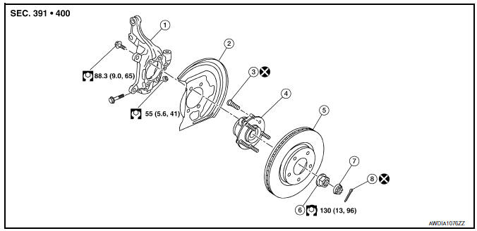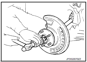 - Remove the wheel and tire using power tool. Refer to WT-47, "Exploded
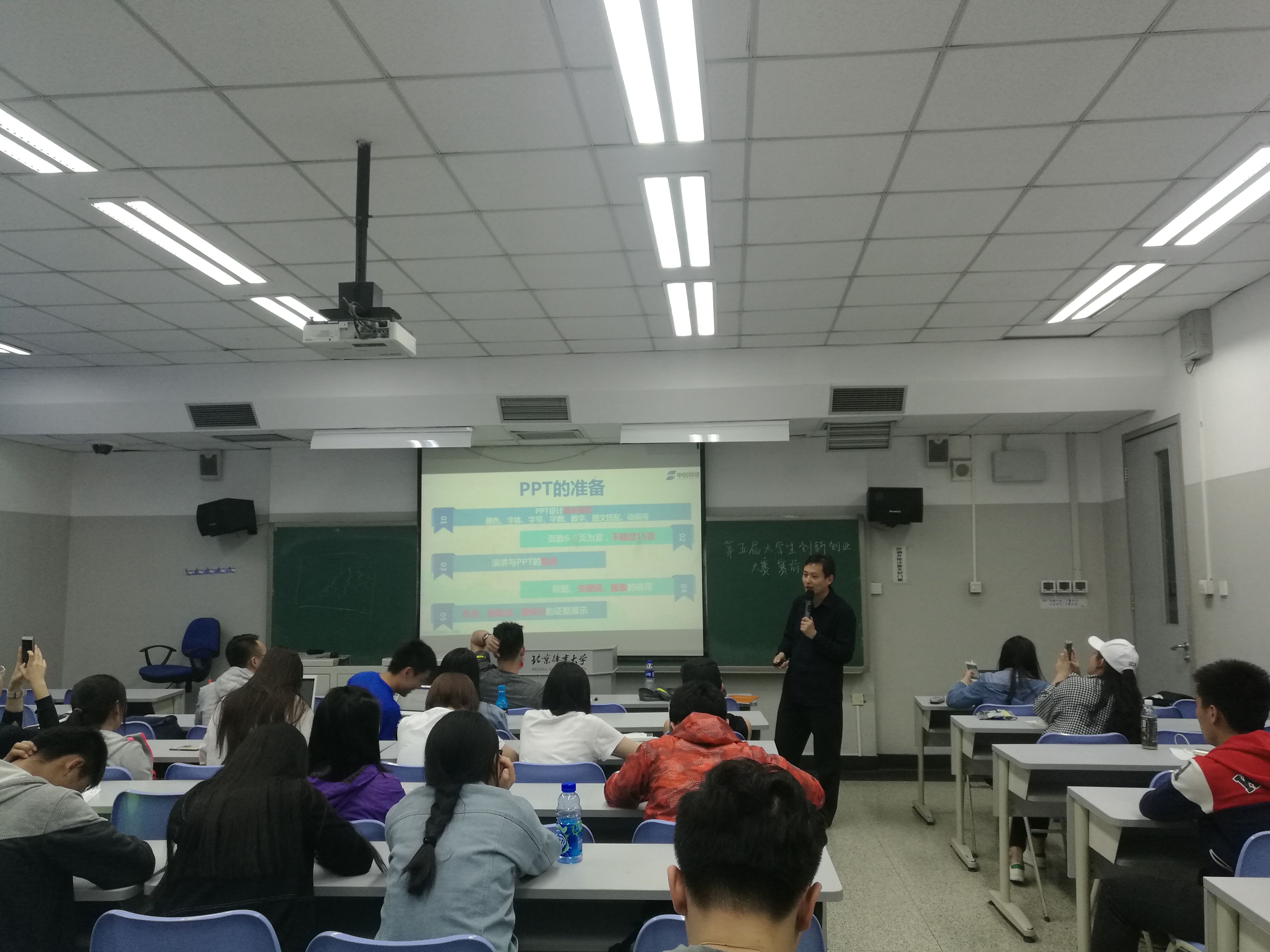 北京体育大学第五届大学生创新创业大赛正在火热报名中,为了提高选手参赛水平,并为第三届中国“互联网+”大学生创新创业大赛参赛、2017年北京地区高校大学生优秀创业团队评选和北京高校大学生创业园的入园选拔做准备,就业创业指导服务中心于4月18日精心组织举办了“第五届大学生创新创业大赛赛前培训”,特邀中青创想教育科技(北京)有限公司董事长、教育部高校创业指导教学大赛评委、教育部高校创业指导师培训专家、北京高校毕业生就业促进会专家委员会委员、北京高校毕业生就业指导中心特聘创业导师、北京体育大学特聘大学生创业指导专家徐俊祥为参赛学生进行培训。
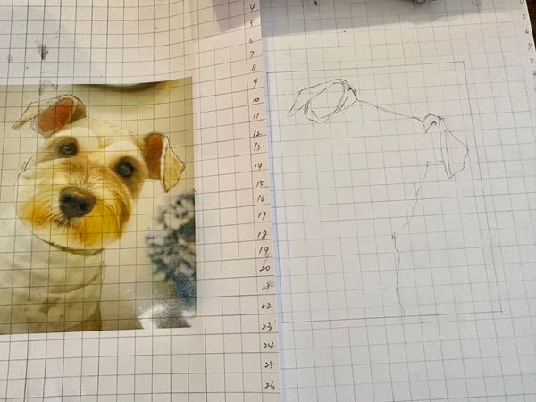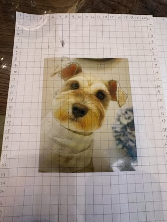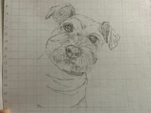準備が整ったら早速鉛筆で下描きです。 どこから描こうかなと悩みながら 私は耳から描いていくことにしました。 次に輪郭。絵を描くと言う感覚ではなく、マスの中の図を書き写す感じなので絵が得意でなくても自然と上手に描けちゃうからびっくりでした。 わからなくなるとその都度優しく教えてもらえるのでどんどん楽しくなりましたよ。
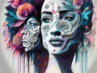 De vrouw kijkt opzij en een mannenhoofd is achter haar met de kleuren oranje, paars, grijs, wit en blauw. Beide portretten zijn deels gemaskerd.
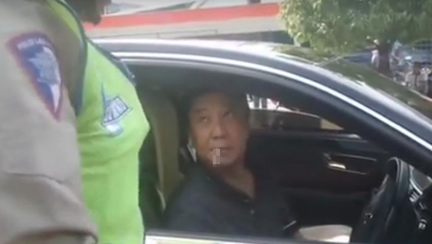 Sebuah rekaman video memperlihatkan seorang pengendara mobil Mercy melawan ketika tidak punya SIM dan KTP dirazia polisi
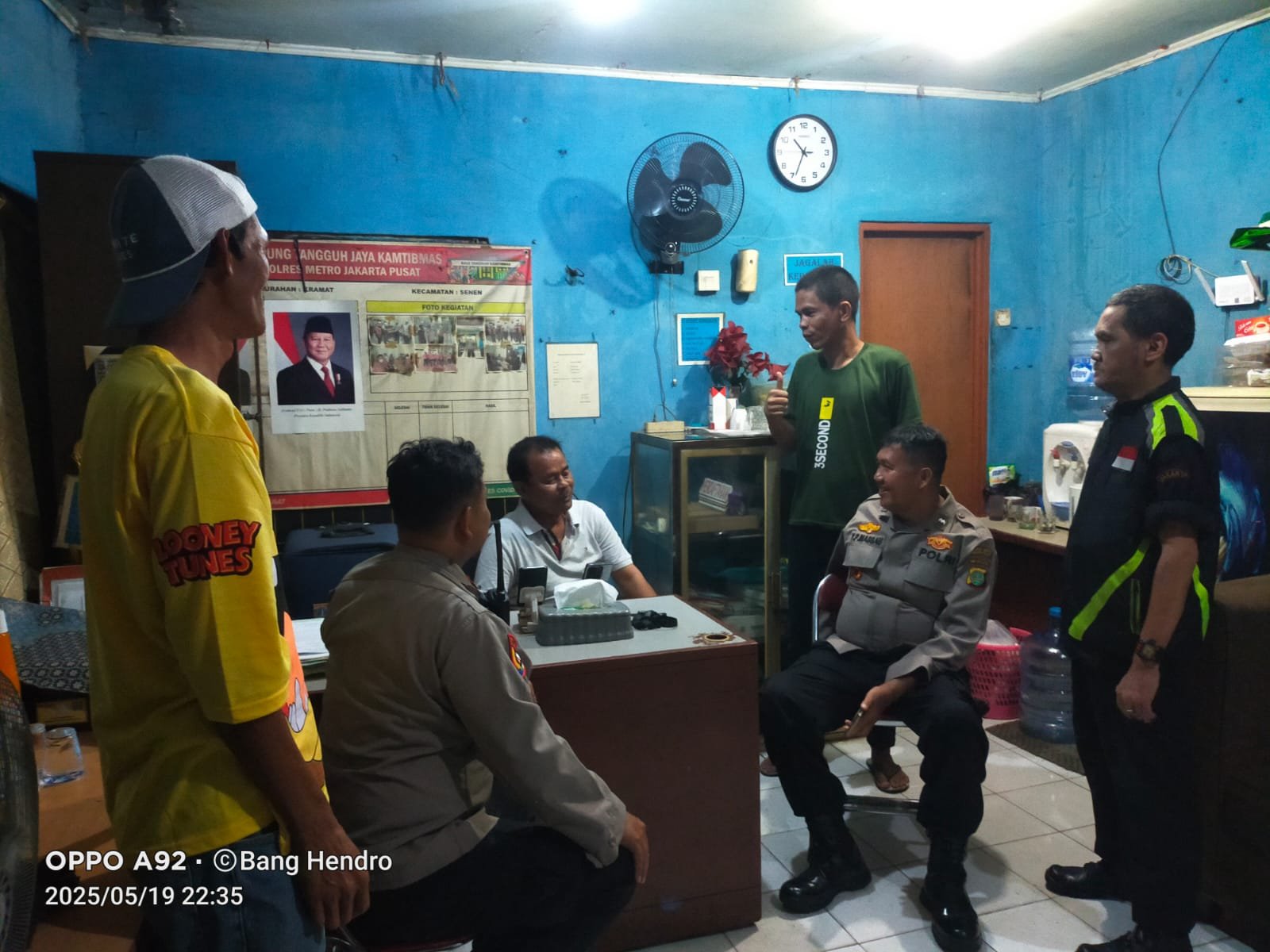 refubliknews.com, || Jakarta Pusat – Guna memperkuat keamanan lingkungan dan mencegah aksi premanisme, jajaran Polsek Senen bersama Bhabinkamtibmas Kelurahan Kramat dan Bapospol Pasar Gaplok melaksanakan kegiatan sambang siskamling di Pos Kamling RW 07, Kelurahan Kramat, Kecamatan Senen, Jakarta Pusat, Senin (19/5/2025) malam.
********
INSTRUCTIONS FOR THE TASK: Nothing but an exact copy of the data, without its images, should make up your answer.

ANSWER AREA:
 - Remove the wheel and tire using power tool. Refer to WT-47, "Exploded
 北京体育大学第五届大学生创新创业大赛正在火热报名中,为了提高选手参赛水平,并为第三届中国“互联网+”大学生创新创业大赛参赛、2017年北京地区高校大学生优秀创业团队评选和北京高校大学生创业园的入园选拔做准备,就业创业指导服务中心于4月18日精心组织举办了“第五届大学生创新创业大赛赛前培训”,特邀中青创想教育科技(北京)有限公司董事长、教育部高校创业指导教学大赛评委、教育部高校创业指导师培训专家、北京高校毕业生就业促进会专家委员会委员、北京高校毕业生就业指导中心特聘创业导师、北京体育大学特聘大学生创业指导专家徐俊祥为参赛学生进行培训。
準備が整ったら早速鉛筆で下描きです。 どこから描こうかなと悩みながら 私は耳から描いていくことにしました。 次に輪郭。絵を描くと言う感覚ではなく、マスの中の図を書き写す感じなので絵が得意でなくても自然と上手に描けちゃうからびっくりでした。 わからなくなるとその都度優しく教えてもらえるのでどんどん楽しくなりましたよ。
 De vrouw kijkt opzij en een mannenhoofd is achter haar met de kleuren oranje, paars, grijs, wit en blauw. Beide portretten zijn deels gemaskerd.
 Sebuah rekaman video memperlihatkan seorang pengendara mobil Mercy melawan ketika tidak punya SIM dan KTP dirazia polisi
 refubliknews.com, || Jakarta Pusat – Guna memperkuat keamanan lingkungan dan mencegah aksi premanisme, jajaran Polsek Senen bersama Bhabinkamtibmas Kelurahan Kramat dan Bapospol Pasar Gaplok melaksanakan kegiatan sambang siskamling di Pos Kamling RW 07, Kelurahan Kramat, Kecamatan Senen, Jakarta Pusat, Senin (19/5/2025) malam.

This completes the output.